Judicial Control.—Supplementing this administrative control over the colonies
was a constant supervision by the English courts of law. The king, by virtue of
his inherent authority, claimed and exercised high appellate powers over all
judicial tribunals in the empire. The right of appeal from local courts,
expressly set forth in some charters, was, on the eve of the Revolution,
maintained in every colony. Any subject in England or America, who, in the
regular legal course, was aggrieved by any act of a colonial legislature or any
decision of a colonial court, had the right, subject to certain regulations, to
carry his case to the king in council, forcing his opponent to follow him across
the sea. In the exercise of appellate power, the king in council acting as a
court could, and frequently did, declare acts of colonial legislatures duly
enacted and approved, null and void, on the ground that they were contrary to
English law.
Imperial Control in Operation.—Day after day, week after week, year after year,
the machinery for political and judicial control over colonial affairs was in
operation. At one time the British governors in the colonies were ordered not to
approve any colonial law imposing a duty on European goods imported in English
vessels. Again, when North Carolina laid a tax on peddlers, the council objected
to it as "restrictive upon the trade and dispersion of English manufactures
throughout the continent." At other times, Indian trade was regulated in the
interests of the whole empire or grants of lands by a colonial legislature were
set aside. Virginia was forbidden to close her ports to North Carolina lest
there should be retaliation.
In short, foreign and intercolonial trade were subjected to a control higher
than that of the colony, foreshadowing a day when the Constitution of the United
States was to commit to Congress the power to regulate interstate and foreign
commerce and commerce with the Indians. A superior judicial power, towering
above that of the colonies, as the Supreme Court at Washington now towers above
the states, kept the colonial legislatures within the metes and bounds of
established law. In the thousands of appeals, memorials, petitions, and
complaints, and the rulings and decisions upon them, were written the real
history of British imperial control over the American colonies.

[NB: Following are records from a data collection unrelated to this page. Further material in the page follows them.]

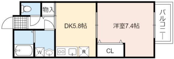 | 間取り詳細 | DK 5.8畳 、 洋室 7.4畳 |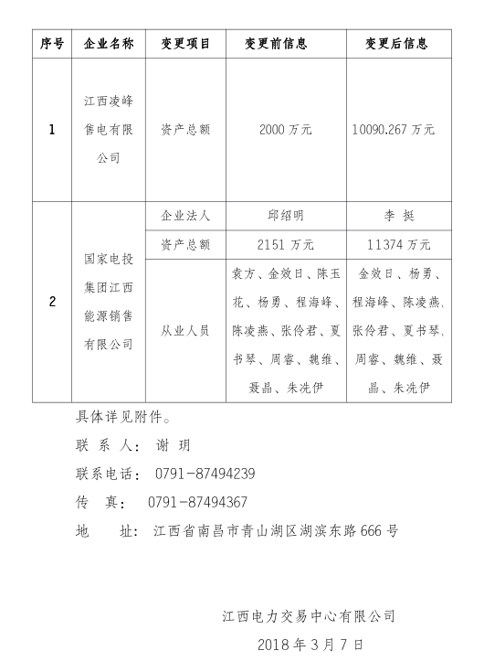 江西電力交易中心日前發(fā)布了《關(guān)于公示受理注冊信息變更的售電公司相關(guān)信息的公告》,公告中稱,江西電力交易中心受理了2家售電公司的注冊信息變更申請,公示期為2018年3月7日至2018年4月6日,時間1個月。詳情如下: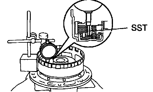 b. Install a dial indicator and measuring terminal Special Service Tool (SST) together, measure the direct clutch piston stroke while applying and releasing compressed air (392 - 785 kPa, 4 8 kgf/cm2, 57 - 114 psi).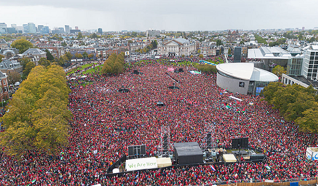 مئات آلاف المتظاهرين يحتشدون في أمستردام دعما لغزة وضد الإبادة والاحتلال الإسرائيلي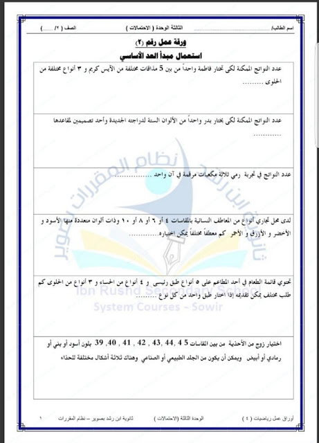 | القسم: أوراق عمل | ||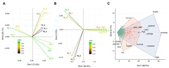 Protein dynamic accumulation in Hass avocado fruit tissues during PSL-based principal component and clustering analyses. Protein abundances identified in PSL period in (A) peel and (B) pulp samples were normalized by scaling (range 0–1) for PCA. A high cos2 indicates a strong representation of the variable on the principal component. T0 indicates samples just after harvest; T3, T6, and T9 indicate samples after three, six, and nine days of postharvest shelf life. Numbers 1, 2, and 3 in labels specify the three biological replicates. (C) k-means clustering of normalized protein abundances in PSL. Phosphoglycerate kinase (Pgk), glutathione S-transferase (GST), glyceraldehyde 3-phosphate dehydrogenase (GAPCP), succino-aminoimidazole-carboximide RN synthetase (PUR7), fructose-bisphosphate aldolase (FBA), ATP synthase subunit beta (ATP5B), abscisic stress-ripening protein 2-like (ABA_SRP), aldehyde dehydrogenase (ALDH2B), polygalacturonase (PG), endochitinase (CHI), 1-aminocyclopropane-1-carboxylate oxidase (ACCO2), Endoglucanase 1 (GUN).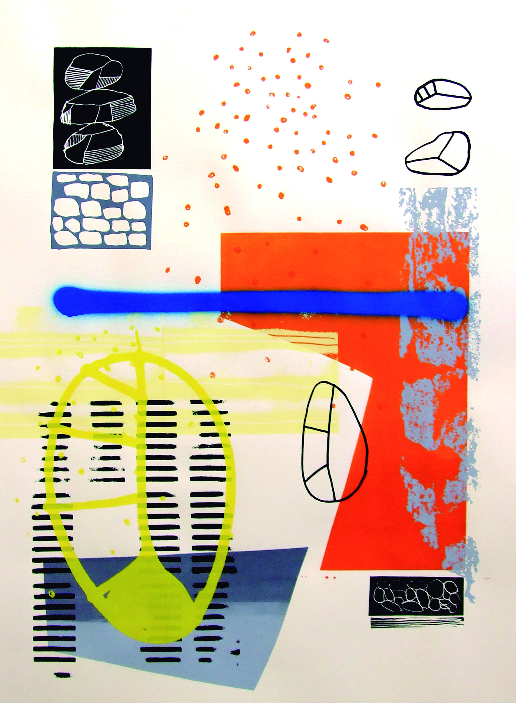 Pieces and stones Serigrafía y técnica mixta sobre papel. 100×70 cm. 3 copias Silkscreen and mixed media on paper. 100×70 cm. 3 copies.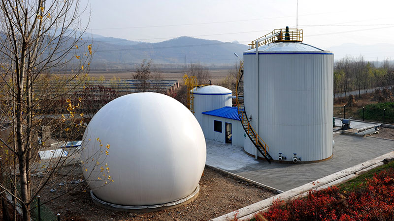 采用“水解預處理+CSTR發酵+太陽能加熱”的工藝路線,解決了北方沼氣工程因冬季氣溫低導致的產氣量低問題,降低了運行成本,沼氣凈化后供給周邊450戶農戶炊事使用,年處理周邊養殖場豬糞污共6570t,年生產沼氣約1.46×105m3。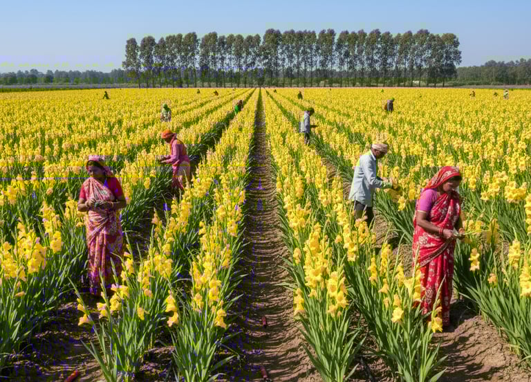 Our gladiolus farming rows of golden blooms, nurtured with hard work and sunlight.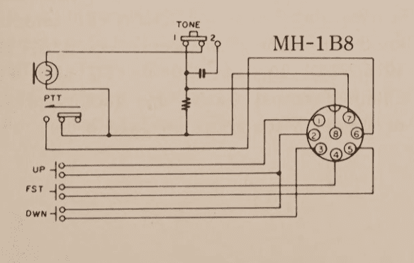W instrukcji mamy jedynie rozrysowany schemat połączeń mikrofonu MH-1 B8. Na jego podstawie możemy wywnioskować, że piny 7 i 8 odpowiadają za przesyłanie sygnału z mikrofonu. Pozostałe piny nas nie interesują, ich zadaniem jest obsługa przycisków oraz PTT.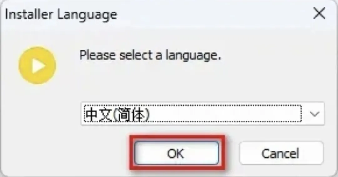 2. 选择中文(简体) → 点击【OK】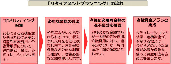 専門家が老後の備えに対して「自助努力」のお手伝いをする「リタアメントプランニング」では、まず老後の備えとして必要な資金を、年金定期便などを活用し、受け取れる公的年金なども加味したうえで、一人一人のケースに合わせてお金の専門家がシミュレーションいたします。その上で、どのように解決しなければならないのか明確にし、適切なアドバイスを無料で提供いたします。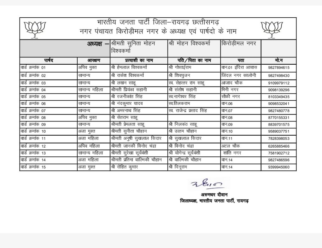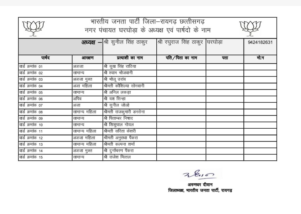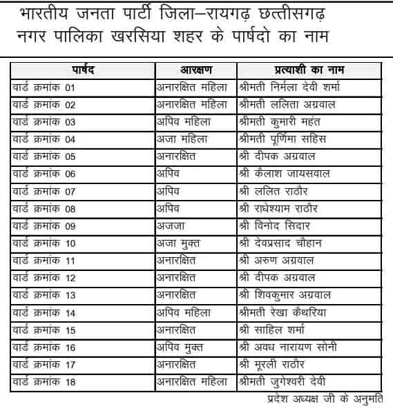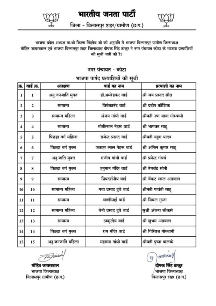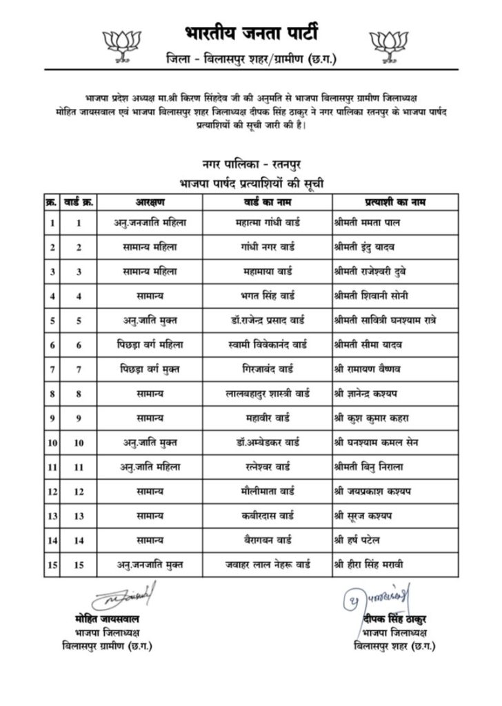 बिलासपुर। छत्तीसगढ़ में नगरीय निकाय चुनाव के लिए बीजेपी ने बिलासपुर संभाग के 3 जिलों में अपने प्रत्याशियों के नामों की सूची जारी कर दी है। इनमें बिलासपुर के बिल्हा, कोटा और मल्हार नगर पंचायतों के अध्यक्ष, जबकि बिलासपुर नगर निगम के 64 वार्डों में पार्षद, रतनपुर, तखतपुर और बोदरी नगर पालिका के 15-15 वार्डों में पार्षद, बिल्हा, कोटा और मल्हार, नगर पंचायत के 15-15 वार्डों में पार्षद , रायगढ़ की खरसिया नगर पालिका के 18 वार्डों में पार्षद, किरोड़ीमल और घरघोड़ा नगर पंचायत के 15-15 वार्डों में पार्षद। इसी तरह गौरेला-पेंड्रा-मरवाही की मरवाही नगर पंचायत में अध्यक्ष, गौरेला और पेंड्रा नगर पालिका में 15-15 वार्डों में पार्षद और मरवाही नगर पंचायत के 15 वार्डों में पार्षद प्रत्याशियों के नामों की सूची जारी की गई है।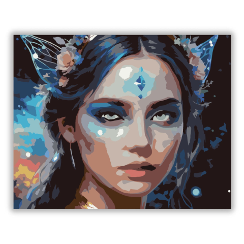 Csillagpor Tündér - számfestő készlet – 40×50 cm (Keret nélkül) A festmény egy csillagpor tündért ábrázol, aki áttetsző szárnyakkal és galaxissal teli szemekkel ragyog a sötét háttér előtt. A kék és lila árnyalatok varázslatos, éteri hangulatot teremtenek
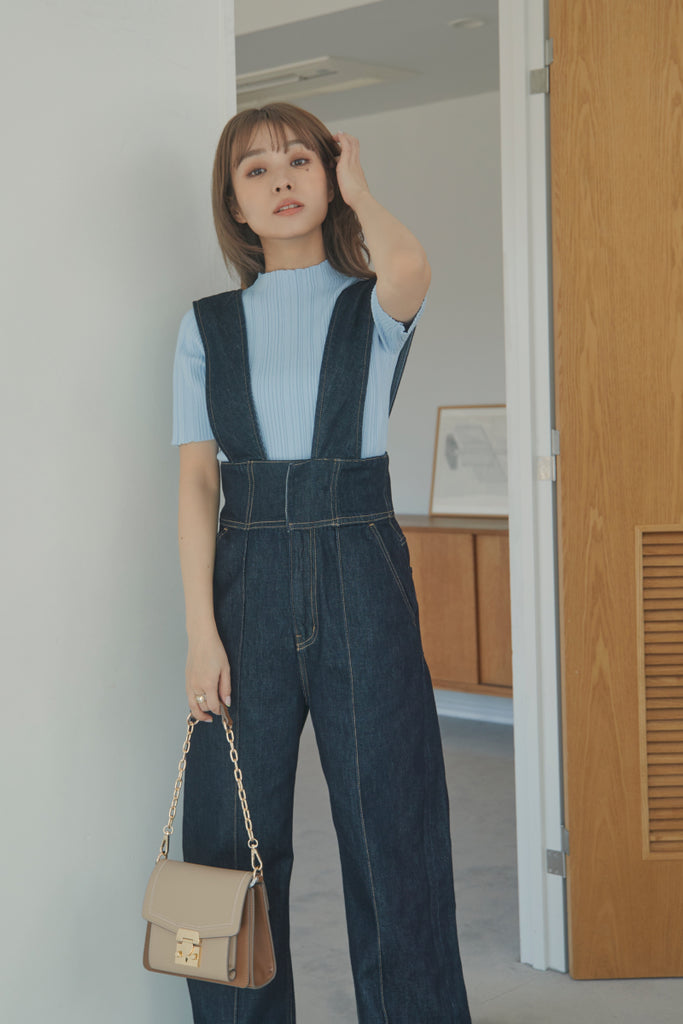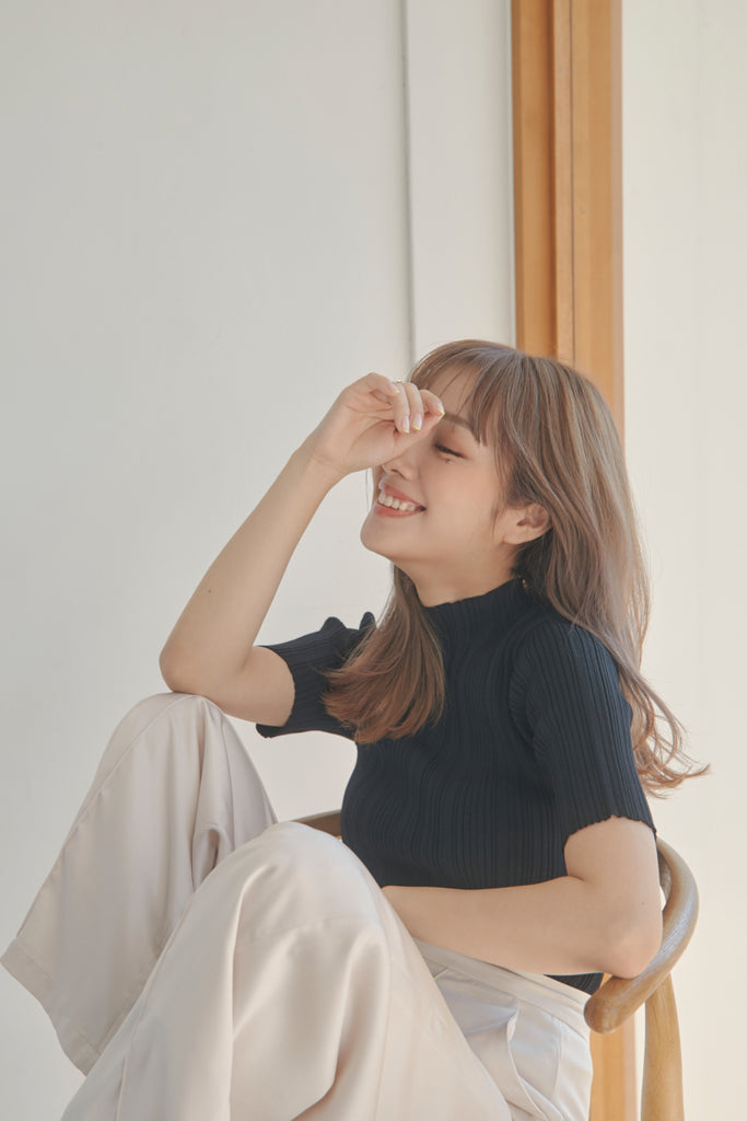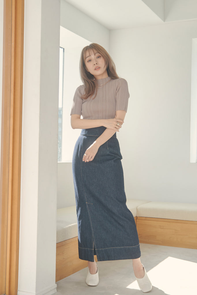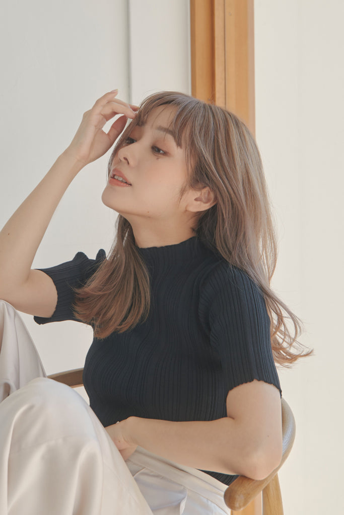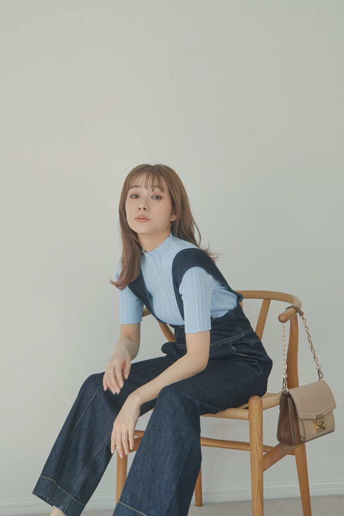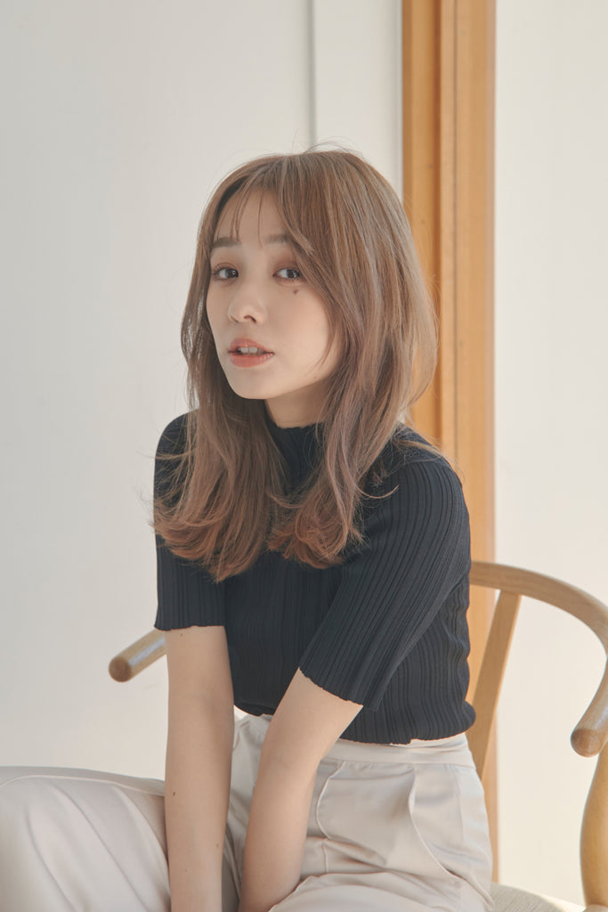 バックのボタンがポイントのベーシックなニットTOPSです!5分袖で夏手前まで長い間ご着用いただけます。デニム合わせのシンプルなコーディネートでもお洒落に決まるアイテムです!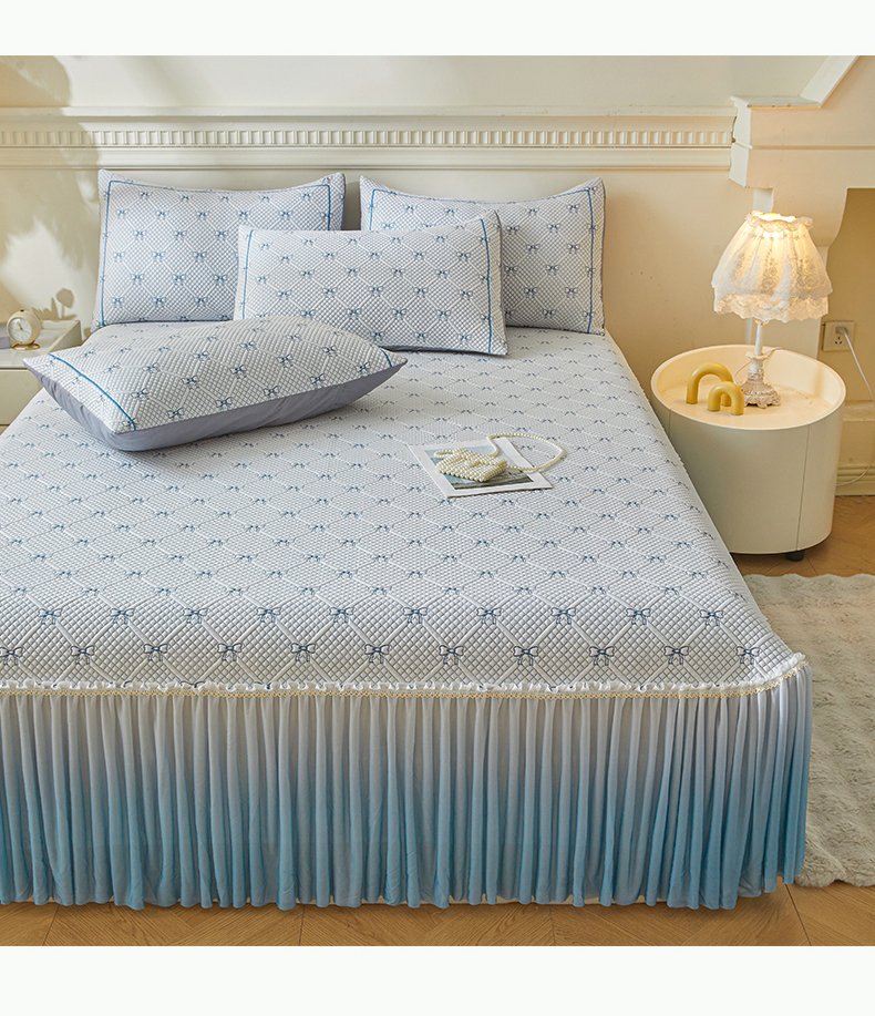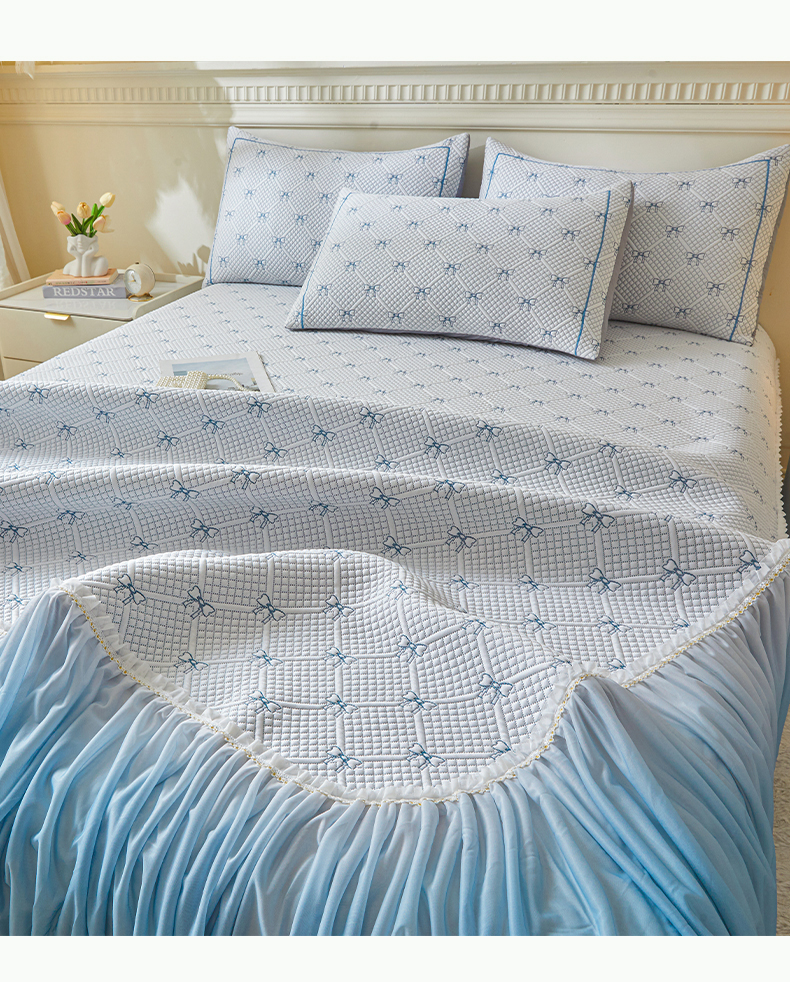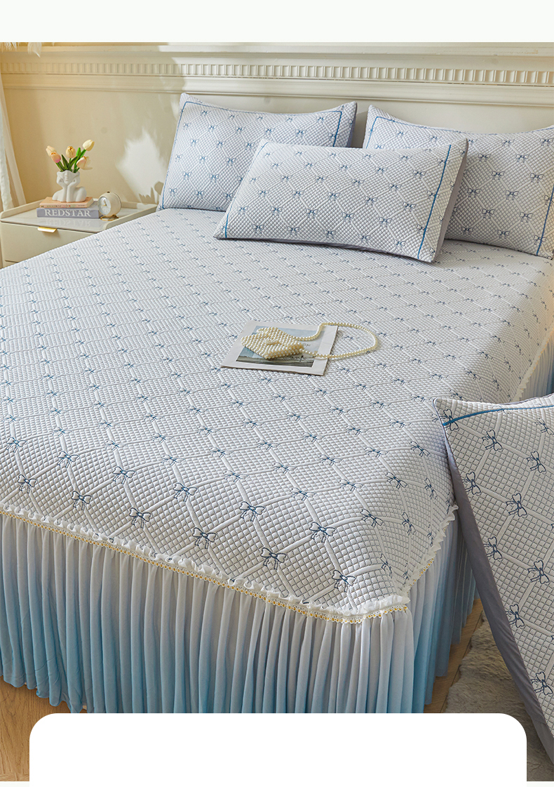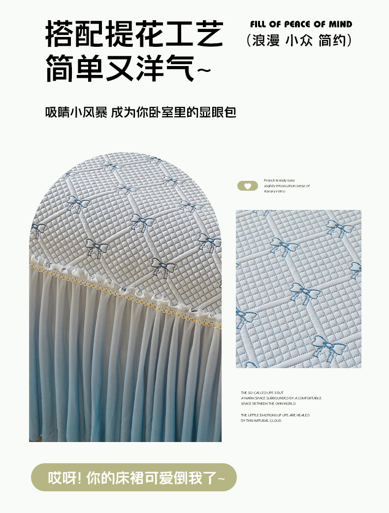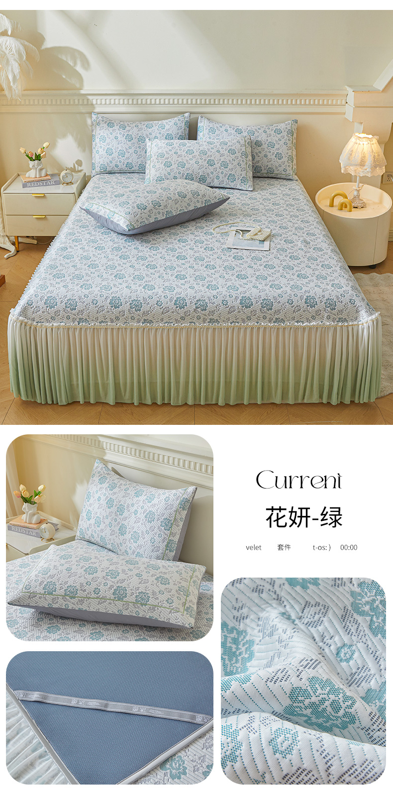 商品名称:罗艺轩 2025新款床裙款透气凉感豆豆软凉席席子 梦蝶-蓝

So great was the business before the Lords of Trade that the colonies had to
keep skilled agents in London to protect their interests. As common grievances
against the operation of this machinery of control arose, there appeared in each
colony a considerable body of men, with the merchants in the lead, who chafed at
the restraints imposed on their enterprise. Only a powerful blow was needed to
weld these bodies into a common mass nourishing the spirit of colonial
nationalism. When to the repeated minor irritations were added general and
sweeping measures of Parliament applying to every colony, the rebound came in
the Revolution.
Parliamentary Control over Colonial Affairs.—As soon as Parliament gained in
power at the expense of the king, it reached out to bring the American colonies
under its sway as well. Between the execution of Charles I and the accession of
George III, there was enacted an immense body of legislation regulating the
shipping, trade, and manufactures of America. All of it, based on the
"mercantile" theory then prevalent in all countries of Europe, was designed to
control the overseas plantations in such a way as to foster the commercial and
business interests of the mother country, where merchants and men of finance had
got the upper hand. According to this theory, the colonies of the British empire
should be confined to agriculture and the production of raw materials, and
forced to buy their manufactured goods of England.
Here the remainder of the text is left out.